Autogenes Training gegen Schmerzen
Schmerzen sind biologisch und physiologisch gesehen ein Warnsignal, denn sie teilen dem Betroffenen mit, dass
etwas im Organismus nicht stimmt, also eine Störung vorliegt. Die Erfahrung von Schmerz hält uns davon ab, etwas
Dummes zu tun, was den Körper schädigen kann. Wenn aber Schmerzen zu einem Permanentereignis werden, dann gibt es
zwei Wege, die zur Schmerzfreiheit führen: Entweder man ermittelt die Ursache des Schmerzes und beseitigt sie, oder
aber man bekämpft den Schmerz selbst – ohne die Ursache anzugehen. Oder, das wäre eine dritte Alternative, man geht
gegen beides vor.
Eine reine Schmerzbekämpfung ohne gleichzeitige Ursachenbekämpfung verspricht, dass der Kampf gegen die
Schmerzen mit hoher Wahrscheinlichkeit ein unendlicher zu werden droht, also nie mehr aufhört. Werden hier
Schmerzmedikamente eingesetzt, dann kommt die Gefahr von Nebenwirkungen auch noch dazu. Da bei Schmerzen der Griff
zur Schmerzpille die mit Abstand beliebteste Alternative ist, besteht die Gefahr, dass bei lang anhaltenden
Schmerzen eine Abhängigkeit – physiologisch und psychologisch – von den befreienden Pillen entsteht. Darüber hinaus
können Organe wie Leber, Herz und Nieren geschädigt werden. Mehr hierzu unter diesen Links:
Im Folgenden versuche ich herauszufinden, ob das Autogene Training sich für die Bekämpfung von Schmerzen eignet.
Da hier keine Nebenwirkungen zu erwarten sind, auch nicht bei einer langfristigen Benutzung, wäre diese Methode auf
jeden Fall eine gesündere Alternative als die Pillen der Pharmaindustrie.

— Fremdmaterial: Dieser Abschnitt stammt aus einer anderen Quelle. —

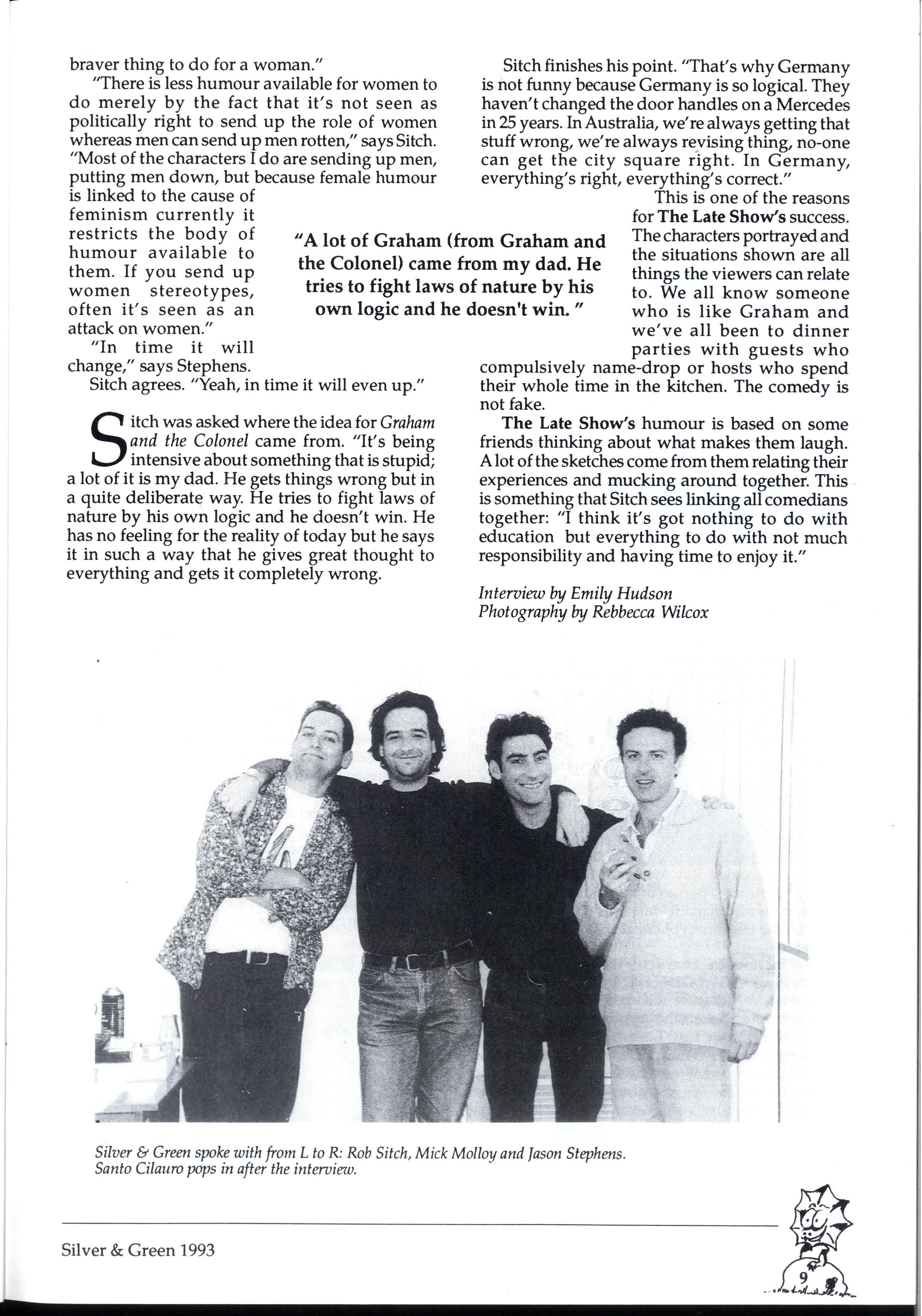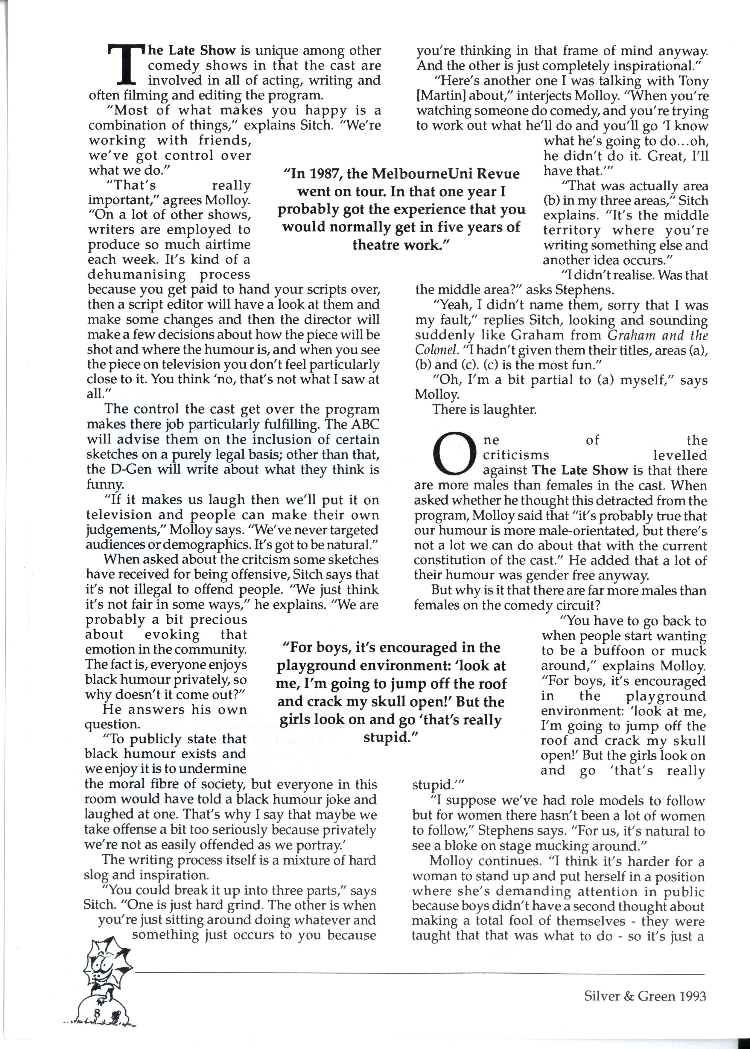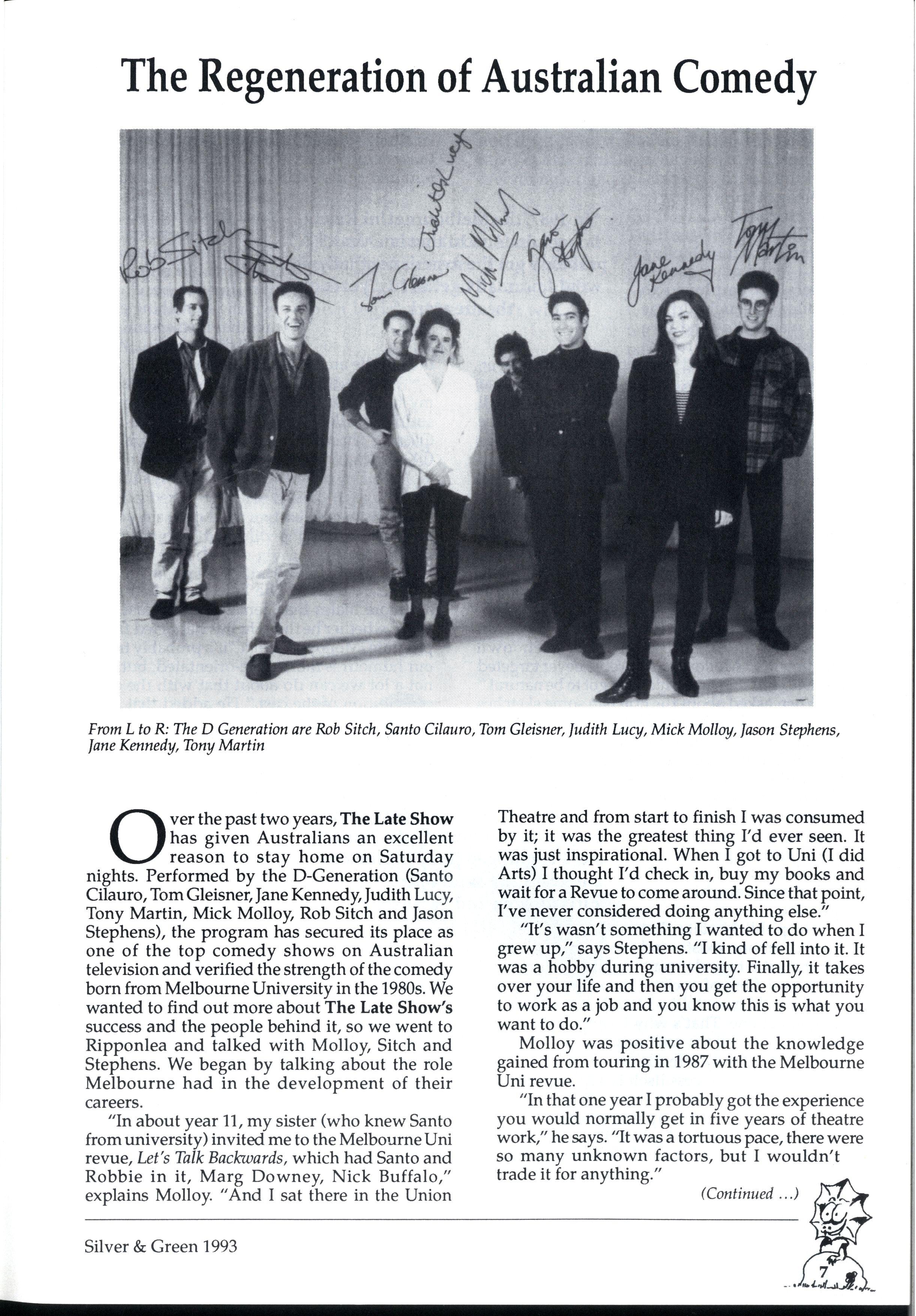 Over the past two years, The Late Show has given Australians an excellent reason to stay hom e on Saturday nights Performed by the D-Generation (Santo Cilauro, Tom Gleisner, Jane Kennedy, Judith Lucy, Tony Martin, Mick Molloy, Rob Sitch and Jason Stephens), the program has secured its place as one of the top comed y shows on Australian television and verified the strength of the comedy born from Melbourne University in the 1980s We wanted to find out more about The Late Show's success and the people behind it, so we went to Ripponlea an d talked with Molloy, Sitch and Stephens We began by talking about the role Melbourne ha d in the development of their careers

Zunächst vielleicht erst einmal ein etwas unbekannteres Phänomen: Das sogenannte „Kardiale Syndrom X“. Dieses
Syndrom ist geprägt von Angina-Pectoris-Anfällen und EKG-Veränderungen, die denen einer Ischämie gleichen – und die
sind im Anfall sehr schmerzhaft! Die Koronararterien zeigen sich bei diesem Syndrom jedoch „normal“. Die Prognose
dieser Patienten ist relativ gut, denn es hat sich bislang kein erhöhtes Sterblichkeitsrisiko gezeigt. Auch das
Risiko für kardiovaskuläre Probleme entspricht dem eines Gesunden. Was hier jedoch besonders leidet, ist die
Lebensqualität dieser Patienten.
Was zu diesem „kardialen Syndrom X“ führt und welche Ursachen dahinter stehen, hat die Schulmedizin erforscht
und als evidenzbasiertes Ergebnis die „Ursache unbekannt“ herausgefunden. Um nicht gänzlich mit leeren Händen
dazustehen, werden verschiedene Hypothesen erwägt: Verengung der Mikrogefäße im Herzmuskel durch ein Zuviel an
Endothelin, Östrogenmangel in der Menopause oder eine erhöhte Schmerzempfindlichkeit. Als schulmedizinische
Maßnahme werden hier Beta-Blocker und Calciumantagonisten empfohlen, um den Brustschmerz zu verringern.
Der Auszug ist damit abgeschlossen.